JPEG first converts RGB pixels to YCbCr pixels. Instead of having Red, Green and Blue channels, JPEG uses a luma (Y) channel and two chroma channels (Cb and Cr). Those channels are treated separately, because the human eye is more sensitive to distortion in luma (brightness) than it is to distortion in chroma (color). The chroma channels are optionally downsampled to half the original resolution; this is called chroma subsampling.

Then, JPEG does a bit of mathematical magic with the pixels. This magic is called the Discrete Cosine Transform (DCT). What this does is the following: every block of 8x8 pixels (64 pixel values) is converted to 64 coefficients that represent the block’s information in a different way. The first coefficient is called the DC coefficient and it boils down to the average pixel value of all the pixels in the block. The other 63 coefficients (the so-called AC coefficients) represent horizontal and vertical details within the block; they are ordered from low frequency (overall gradients) to high frequency (sharp details).

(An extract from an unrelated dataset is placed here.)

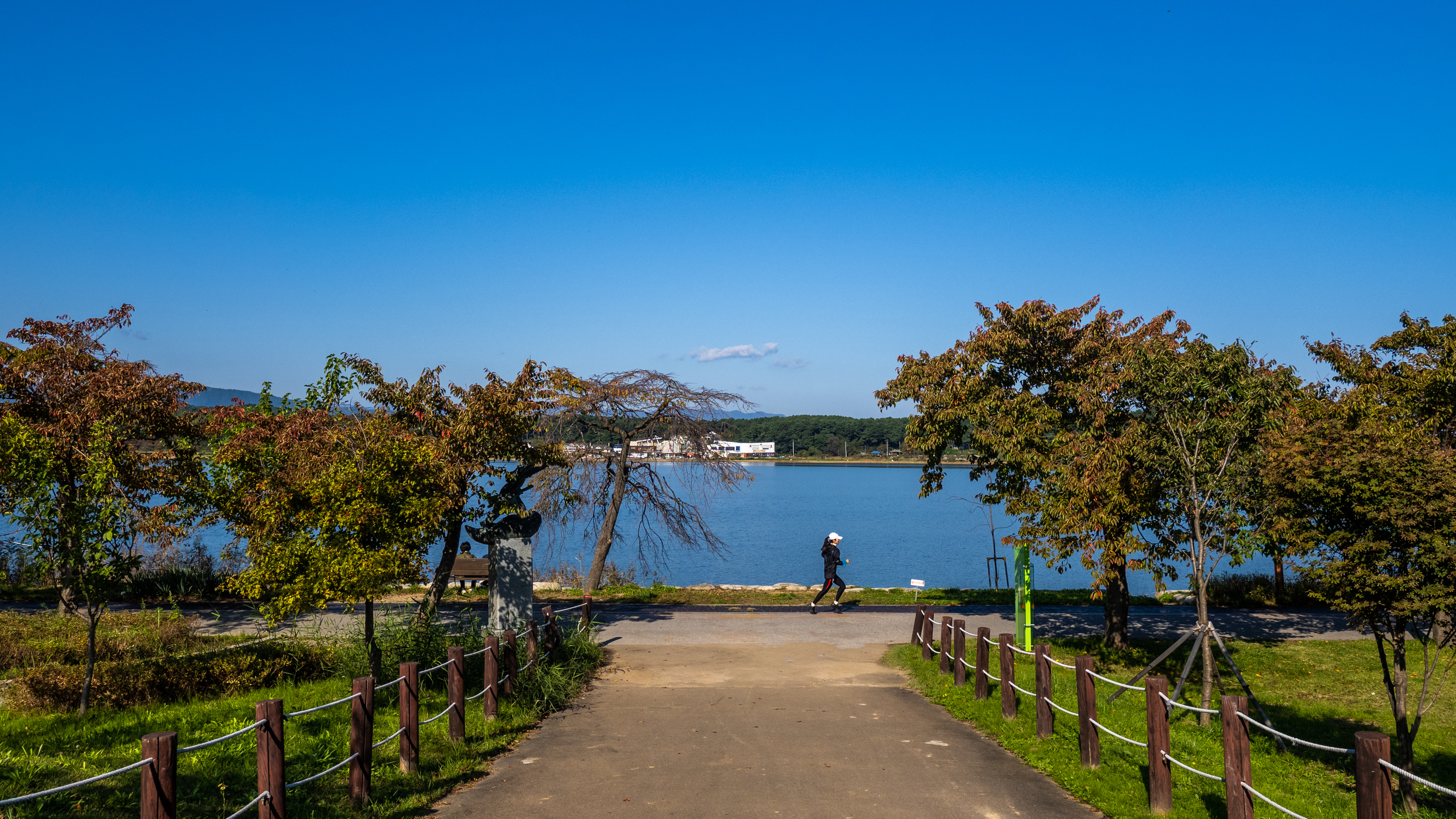 넓은 호수 주변을 두르는 산책길은 심심치 않게 있지만, 경포호만이 주는 고즈넉함이 있습니다. 특히 봄이 되면 꽃망울을 터뜨린 벚나무가 호수를 빙 두르고 있는 풍경이 장관이죠. 이날은 시간이 많지 않아 빠르게 걸어 나왔지만 허난설헌 생가 터, 경포 해변과 초당 마을까지 가까이에 있기 때문에 잠시라도 들러볼만한 곳이에요.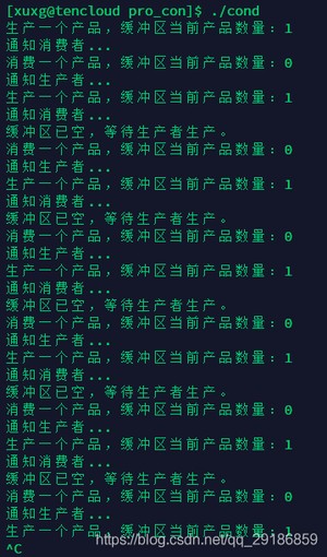 之前用互斥量解决生产者消费者问题时,并没有考虑这一点。现在有了条件变量就可以解决这个问题了。程序如下:

The goal of these transformations is to do lossy image compression. For our perception, luma and low-frequency signals are more important than chroma and high-frequency signals. JPEG cleverly encodes with less precision what we can’t see well anyway, resulting in smaller files. But as a side effect, a kind of extra ‘bonus’, this transformation also makes it possible to encode and decode JPEGs progressively.

Instead of going through the image block by block, encoding all of the coefficients of each block (which is what a non-progressive JPEG does), you can encode all of the DC coefficients first, some low-frequency AC coefficients after that, and the high-frequency AC coefficients at the very end. This is called spectral selection. Additionally, you can do successive approximation, storing the most significant bits of the coefficients first, and the least significant bits later in the bitstream.

For both spectral selection and successive approximation, the encoder and decoder have to traverse the image multiple times. Each iteration is called a scan. Typically, a progressive JPEG has about 10 scans, so when decoding, the image goes from a very blurry first scan to a nice and sharp final scan in about 10 steps of refinement.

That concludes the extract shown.